AI disputes: the invisible defendant? What in-house counsel need to know
With the Government recently abandoning plans for AI-specific legislation, existing legal frameworks will bear the regulatory burden. Against this backdrop, novel disputes and test cases are inevitable. What is clear is that “my robot did it” will not be an excuse.
AI-related litigation is accelerating globally and Australia will be no exception. Regulators are sharpening their focus on AI use, while customers and shareholders are demanding greater transparency and accountability – with plaintiff law firms waiting in the wings.
A recent G+T insight by our Disputes team maps where AI-related disputes are emerging, what regulators are targeting and the practical steps boards and in-house counsel can take now.
Future instalments will also examine legal professional privilege and AI use, and directors’ and officers’ duties and board considerations, with further topics to follow.
The new merger regime – first quarter insights
With Australia’s new mandatory merger review regime in operation since 1 January 2026, early trends and practical considerations are starting to take shape.
A recent G+T insight shares and analyses trends from the first quarter of the new regime, including waiver use, pre-notification timing and the ACCC’s approach to information requirements, remedies and conditions precedent
ASIC financial and sustainability reporting developments
ASIC continues its active enforcement approach in relation to financial reporting obligations which it identified as one of its 2026 enforcement priorities. Since August 2025, it has issued 24 infringement notices worth more than $4.5 million for alleged financial reporting breaches, which is in addition to court-imposed fines for failing to lodge financial reports and related governance obligations.
ASIC recently issued the following infringement notices for failure to lodge financial reports:
- infringement notices totalling $792,000 ($198,000 per company) to 4 companies in the Australian Canva Group – see here
- infringement notices of $198,000 each to the operators of the Zara, H&M and Sephora fashion and beauty brands – see here.
ASIC has recently published its financial reporting, audit and sustainability focus areas for FY2026–2027 which is essential reading for CFOs, audit committees, boards and in-house legal teams preparing for the upcoming reporting season.
Separately, ASIC also recently shared its early observations on the first sustainability reports prepared under Chapter 2M of the Corporations Act 2001 (Cth), to assist other reporting entities as they prepare their own disclosures.
A total of 259 sustainability reports were lodged for the financial year ending 31 December 2025, including 34 from listed entities. ASIC noted improvements in the quantity and quality of climate-related financial information compared with earlier voluntary disclosures, and commended the use of tables, diagrams and other visual aids to present information clearly.

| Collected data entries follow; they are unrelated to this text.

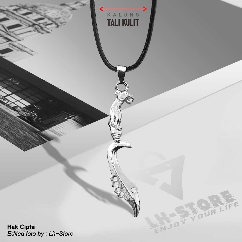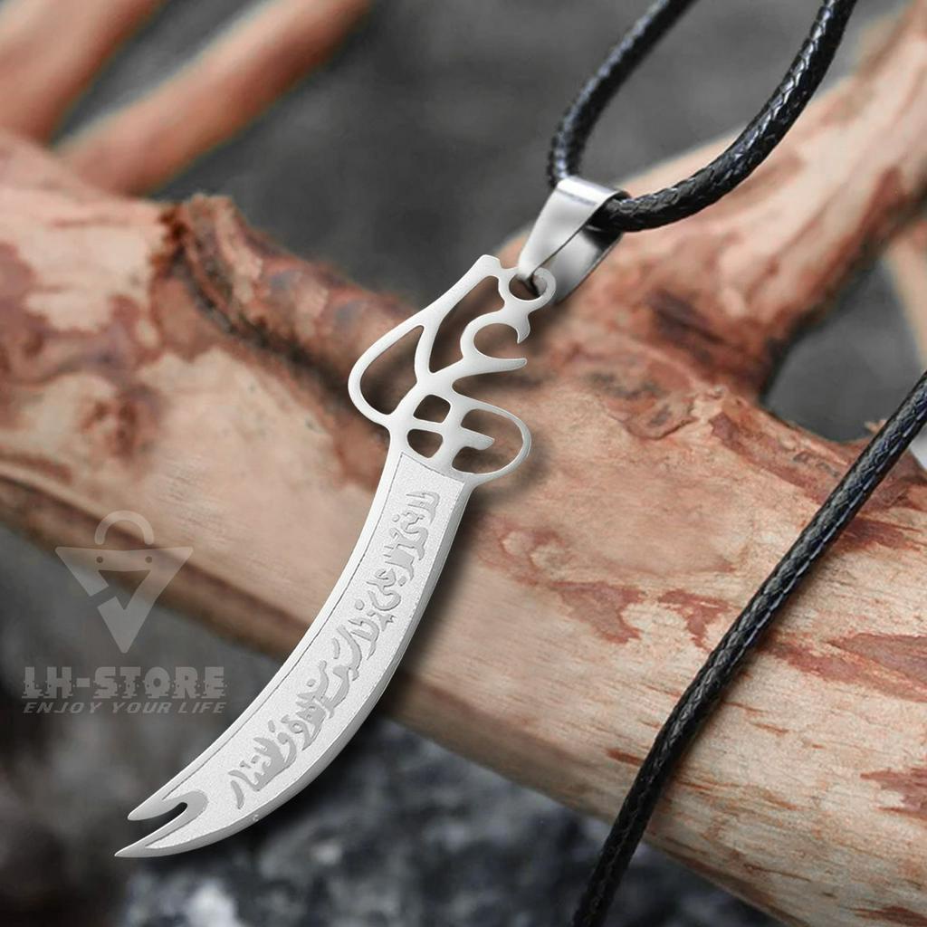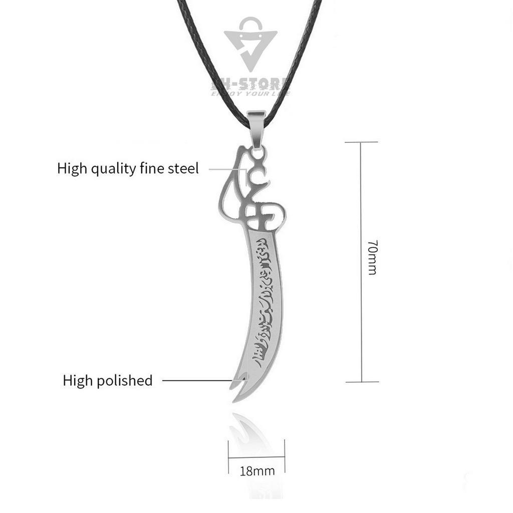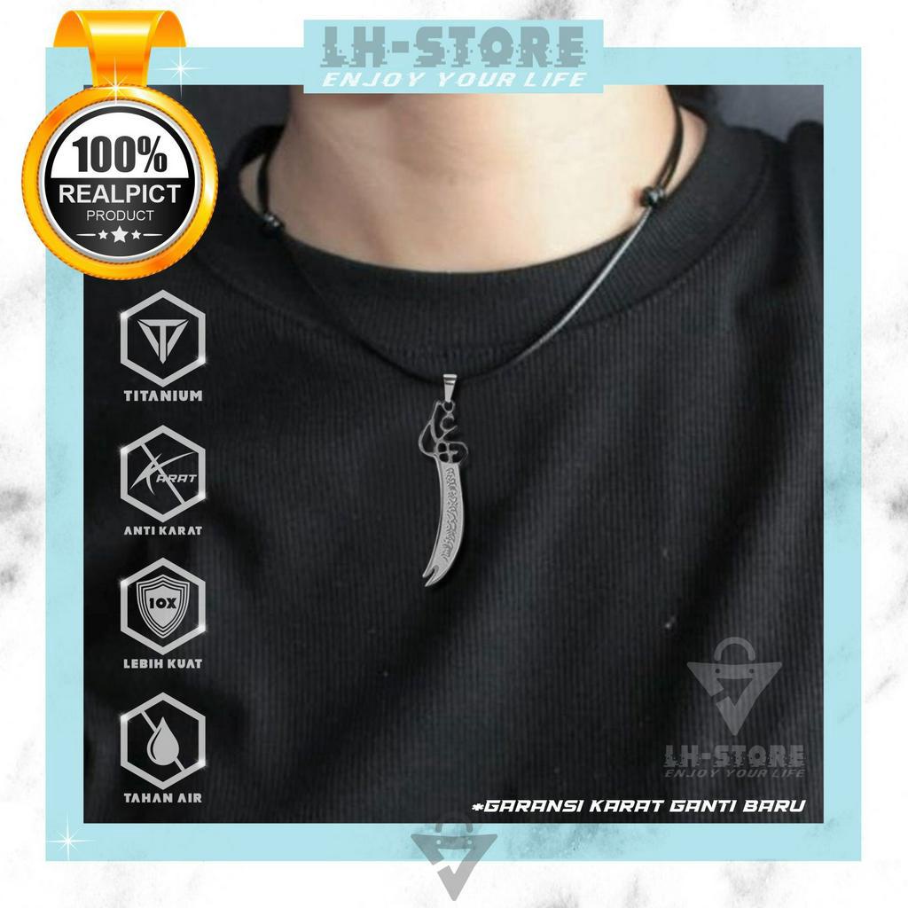 KALUNG TALI KULIT LIONTIN PEDANG ZULFIKAR STAINLEES STEEL ANTI KARAT
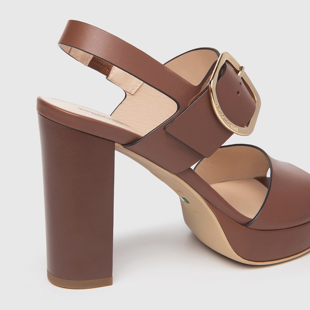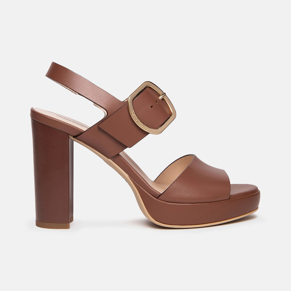 Sandalo donna NeroGiardini in pelle con fasce interecciate di colore cuoio e cinturino platino che avvolge la caviglia. Tacco con zeppa alta 7,5 cm, fondo in gomma. Calzatura comodissima dal design moderno e ricercato. MADE IN ITALY
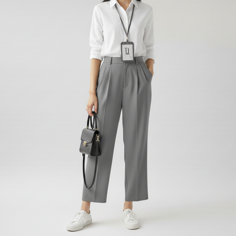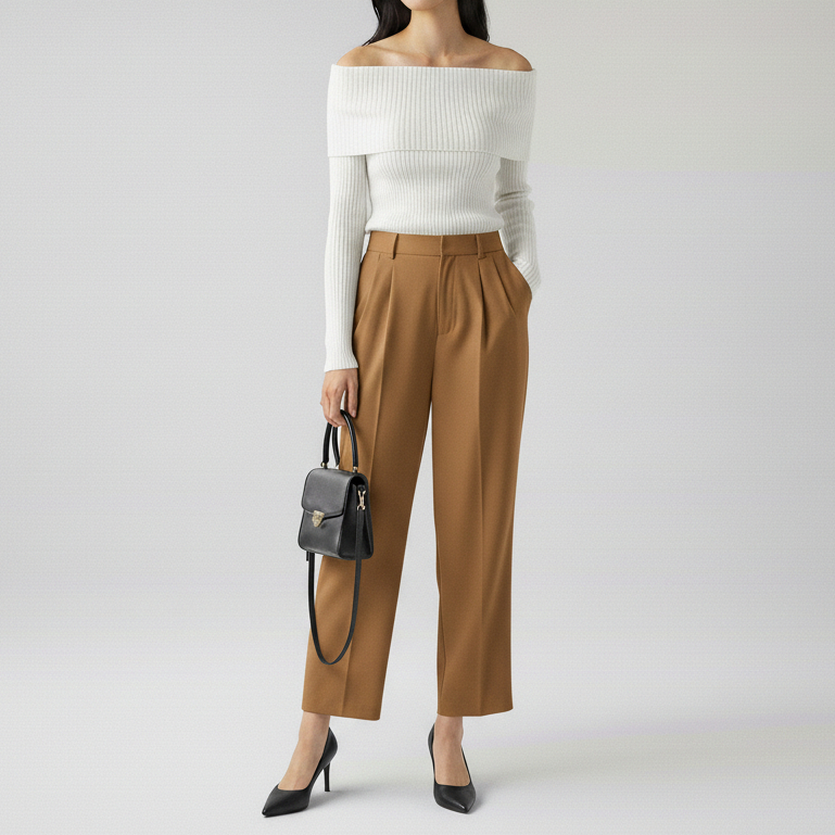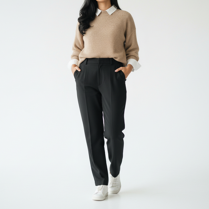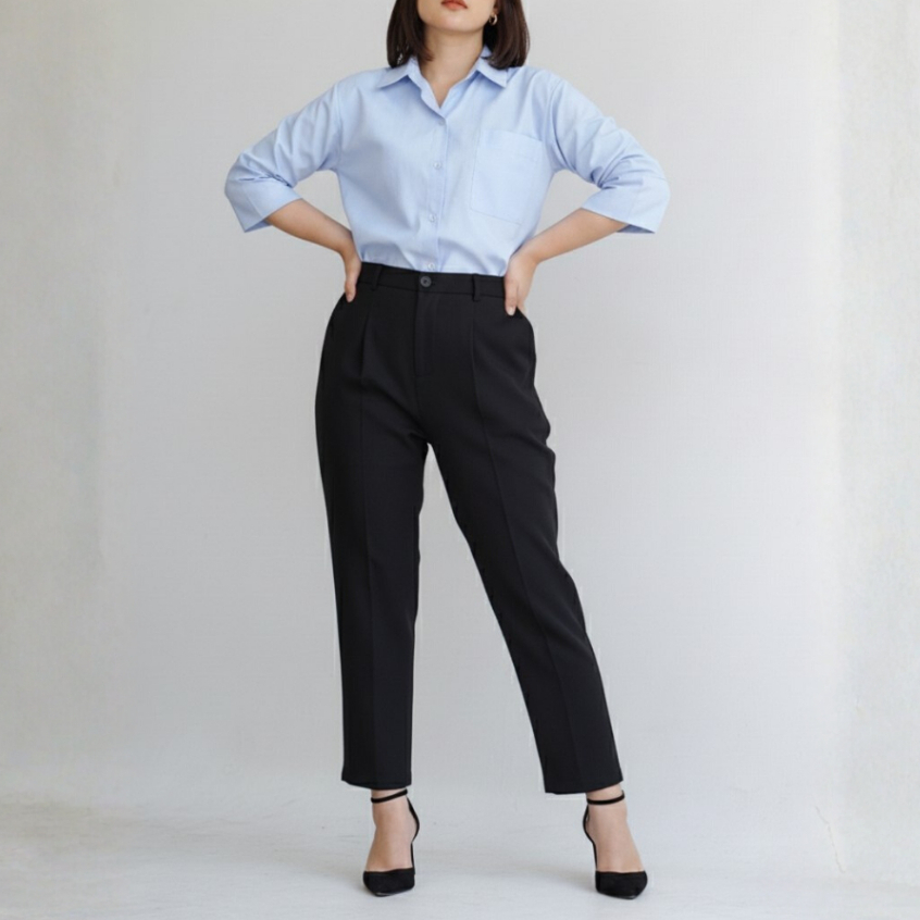 KLEOVA Jean Ankle Pants - Celana Panjang Wanita Highwaist Kerja Kantor - Straight Loose Pants
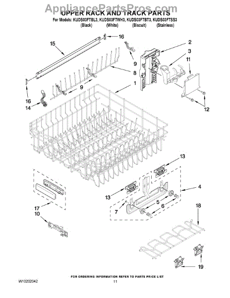 Parts for Kitchenaid KUDS03FTBL3: 09 - Upper Rack And Track Parts
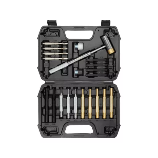 Drift set for precision mechanics' workshops, watchmakers and jewellers. Beater with interchangeable screw-in tips - steel, brass, nylon, rubber. Set packaged in a plastic case.
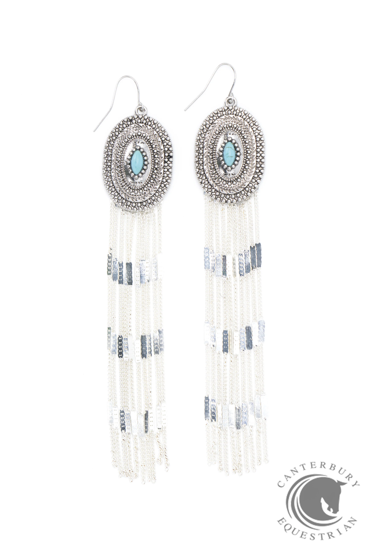 • Inlaid turquoise center stone with cascading liquid silver chain

ASIC also flagged the following areas for improvement:
- not using misleading or confusing disclaimers that conflict with the statutory framework and objectives of Chapter 2M
- the ‘reasonable and supportable’ information to identify climate-related risks includes information about past events, current conditions and forecast future conditions. ASIC observed instances where entities failed to disclose forward-looking risks despite prior-year reporting of financial impacts from extreme weather events
- disclosure of relevant judgments, assumptions and relevant measurement uncertainties should be clear and proximate
- additional climate-related information should not obscure material climate-related financial information required by AASB S2
- cross-referencing information outside the sustainability report must meet AASB S2 and ASIC Regulatory Guide 280
- remembering that the definition of ‘climate-related target’ in AASB S2 extends to targets imposed by law or regulation, including greenhouse gas emissions targets such as the Safeguard Mechanism.
ACCC new fast track exemption and authorisation powers in “exceptional circumstances”

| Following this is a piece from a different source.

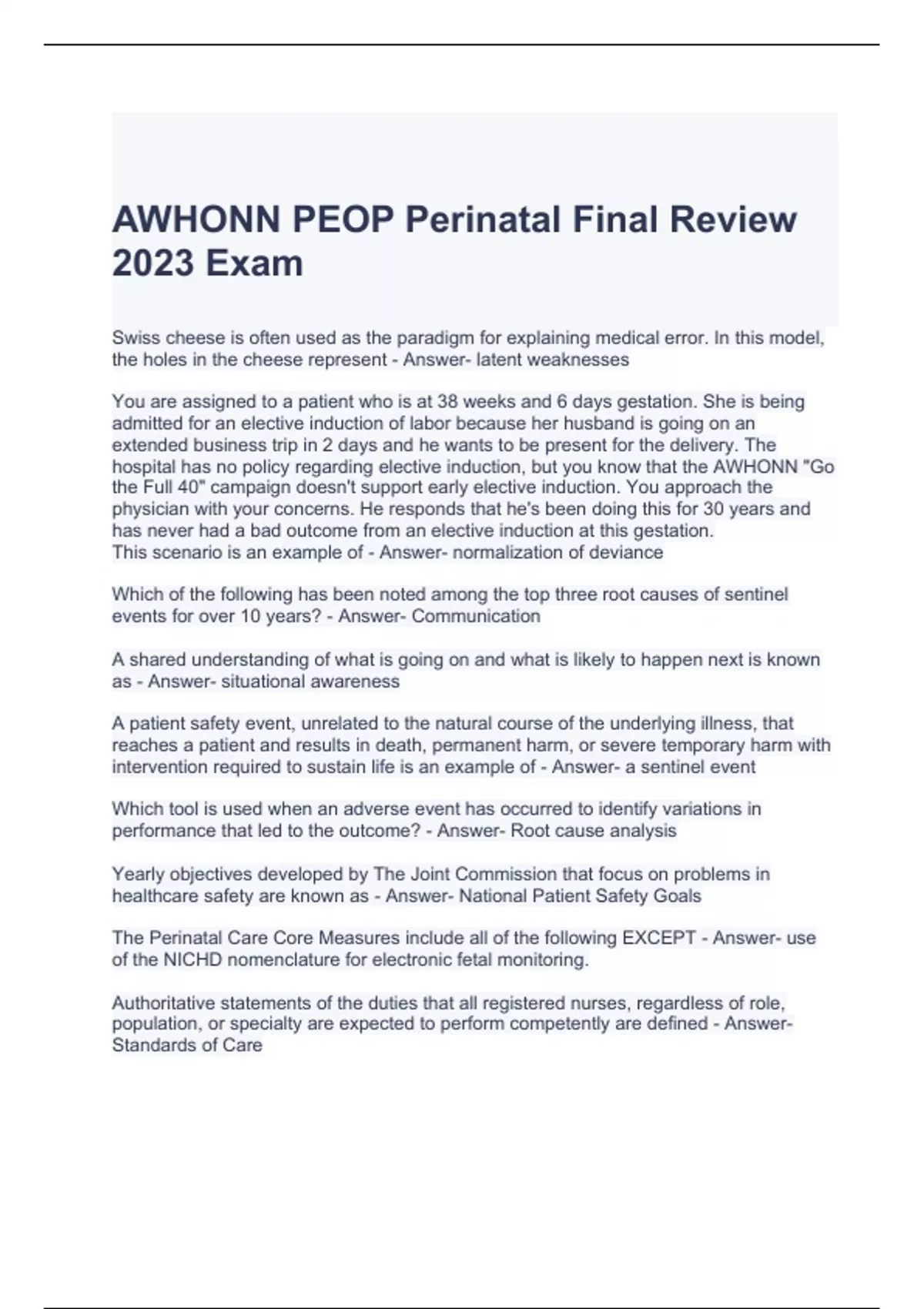 awhonn peop perinatal final review 2023 exam

The Competition and Consumer Amendment (Responding to Exceptional Circumstances) Act 2026 commenced on 27 May 2026. The Act introduces new exceptional circumstances laws which give the Minister power to enable the ACCC to fast-track exemptions and authorisations for conduct that might otherwise contravene Part IV of the CCA, including retrospectively, for businesses responding to emergencies and major economic disruption.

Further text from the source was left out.